Le 22 avril, comme plusieurs d’entre vous, j’irai marcher dans les rues.
Je n’y serai pas contre la droite. Parce que je ne sais plus très bien de quoi vous me parlez. La droite? Qu’entendez-vous par là? De la liberté, j’entends.
La droite donc, un mouvement qui, à force de revendiquer purement et simplement l’idéal de la liberté, a su créer des conditions inégales d’existence où la liberté est justement remise en question. Je ne suis pas libre parce que je ne suis pas égal. Lorsque vous clôturez une source d’eau potable qui, en-soi, n’appartient à personne, je ne suis pas libre d’y accéder. Et je ne suis pas égal non plus, puisque je suis moins costaud que vos agents de sécurité, armés, qui la protègent. Vous êtes libres, pas moi.
La gauche alors? L’égalité, dites-vous. Ça non plus, je sais plus trop ce que c’est. Vous me parliez de quoi déjà? Des corporations syndicales, des mouvements ouvriers, qui, grâce à leurs luttes, qui permettent désormais de tabasser quiconque ne pense pas comme eux, ont su créer un monde de complète inégalité? Lorsque vous luttez pour les seuls intérêts de vos membres, quitte à museler les travailleurs et petits entrepreneurs autonomes et indépendants, en vous appropriant tout le terrain du débat politique, je ne suis pas égal. Je ne suis pas libre non plus quand vous débarquez avec vos gros sabots de l’égalité. Vous êtes égaux, mais pas moi.

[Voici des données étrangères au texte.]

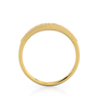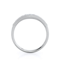 Eight delicate accent diamonds adorn the matching wedding band we created for our Heirloom Milgrain Diamond Engagement Ring. Like the shank of the diamond ring its mimicking, the stones get smaller as they extend down the band for an elegant effect that feels like it could be pulled from the Victorian era.
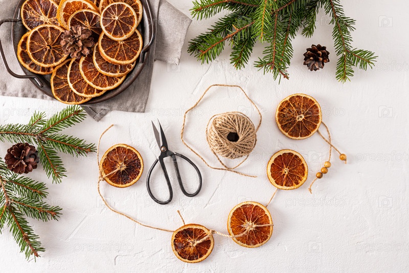 Вид сверху на белый текстурированный фон с домашней гирляндой из сушеных апельсинов, еловых ветвей, ломтиков апельсина и ножниц. Плоская планировка. украшение
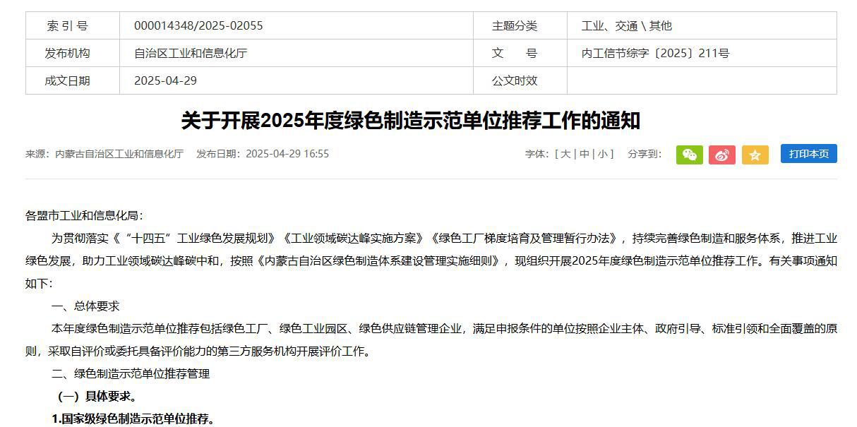 加快推進(jìn)2025年內(nèi)蒙古省綠色工廠申報(bào)指南
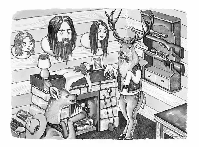 其實Daniels一開始的畫風(fēng)并不是這樣的。早期的作品雖然也是畫人和動物,但只是有一些怪誕的意味,并沒有那么強烈的諷刺意義。
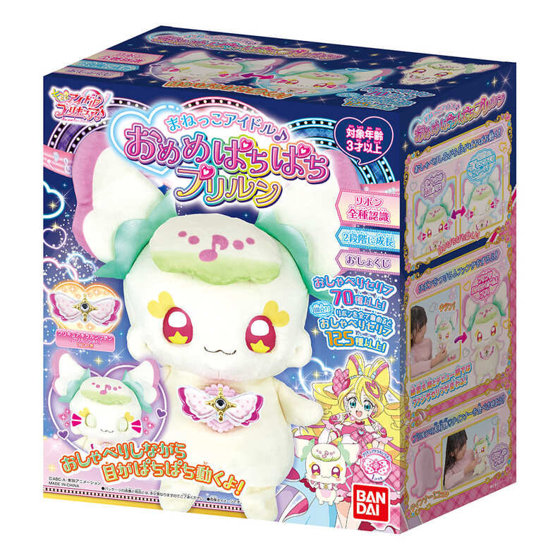 『キミとアイドルプリキュア♪』より、「まねっこアイドル♪おめめぱちぱちプリルン」が登場! おしゃべりしながら目がぱちぱちまばたきします! 「プリキュアリボン」「プリキュアキラルンリボン」を全種認識して、ファンサやおしゃべりをしてくれます。 おしゃべりするセリフは70種以上、別売りの「プリキュアリボン」「プリキュアキラルンリボン」をすべて集めると125種以上のおしゃべりを楽しめます。 プリルンの大好物のウインナーも付属!プリルンに食べさせてあげよう♪ [セット内容] ・おめめぱちぱちプリルン・・・1個 ・プリキュアキラルンリボン(プリルンver.)・・・1個 ・ウインナー・・・1個 ・カバーパーツ・・・1個 [使用電池] ・単4乾電池×3本(別売り) (本商品のセット内容以外は付属しません。) ●パッケージサイズ:W220×H260×D110mm ●対象年齢:3歳以上 ●原産国:中国 (C)ABC-A・東映アニメーション
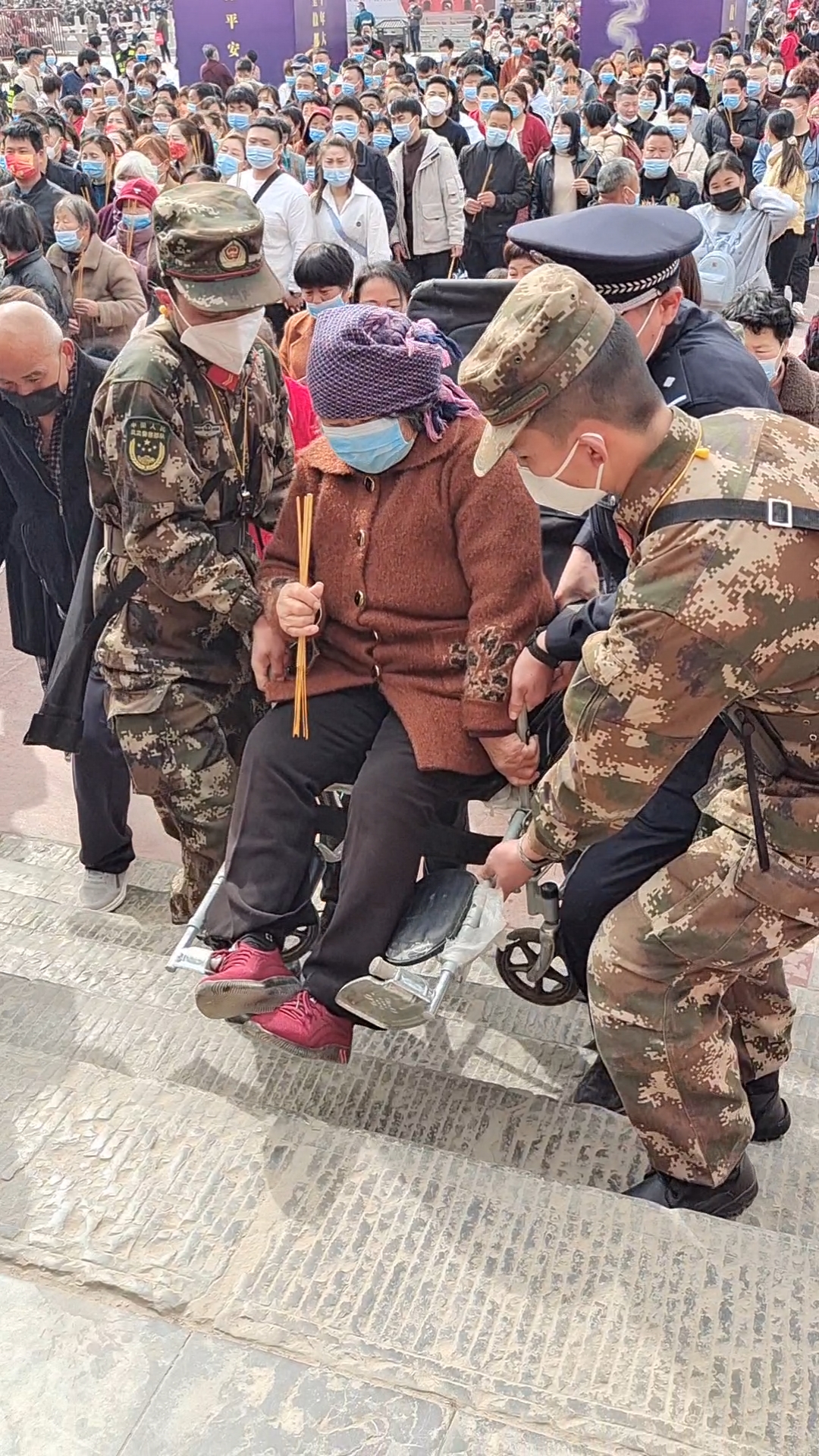 只要看到有腿腳不便的人上臺(tái)階不方便,附近的人民子弟兵立刻快步上前,扶上臺(tái)階。一位坐輪椅的老太太進(jìn)不去午朝門,3位武警官兵、一名警察以及熱心群眾齊心協(xié)力抬起輪椅,穩(wěn)穩(wěn)地把老太太抬進(jìn)門里。不等被幫助的人說(shuō)聲“謝謝”,這些子弟兵就快速回到崗位,有人說(shuō)他們戴著口罩看不到模樣,想知道他們的名字,他們說(shuō):“名字不重要,為人民服務(wù)最重要!”

Vous voyez où j’en suis. Je suis fourré avec la liberté. Je suis aussi fourré avec l’égalité. À droite ou à gauche, je ne suis ni libre ni égal. Que me reste-t-il, au centre, pour nourrir mon indignation…? Je ne sais pas. Quelque chose comme la fraternité, peut-être. Quelque chose comme le vague sentiment que je dois quelque chose à mes semblables. Je leur dois, certes, de combattre pour la liberté, tout en constatant que les inégalités minent les fondements même de cette liberté. Je leur dois aussi l’égalité, tout en étant conscient que, revendiquée à outrance, l’égalité nie la liberté.
D’abord et avant tout, je dois aux humains qui m’entourent, j’en ai l’intime conviction, la fraternité. Je leur dois, au fond, de les retrouver comme des semblables. Elle est peut-être là, la principale carence. C’est seulement en retrouvant cet idéal de fraternité qu’il sera possible de résoudre, autant que faire se peut, le dilemme entre liberté et égalité. Sans ce pari fondamental de la fraternité, l’égalité et la liberté ne sont peut-être que des vices, ou des mirages.
J’appelle ça, souvent, le vertige du centre. Je dois jongler avec trois balles. Liberté, égalité et fraternité. Je n’envie pas ceux qui font des prouesses à une balle, de la main droite ou de la main gauche. Ils me font un peu rire, en fait. Regardez, je jongle avec une seule balle d’une seule main! C’est amusant, mais un tel exercice ne mène nulle part… Le réel objectif, pour autant qu’on veuille jongler, est de jongler avec trois balles en utilisant ses deux mains… Essayez ça, pour voir…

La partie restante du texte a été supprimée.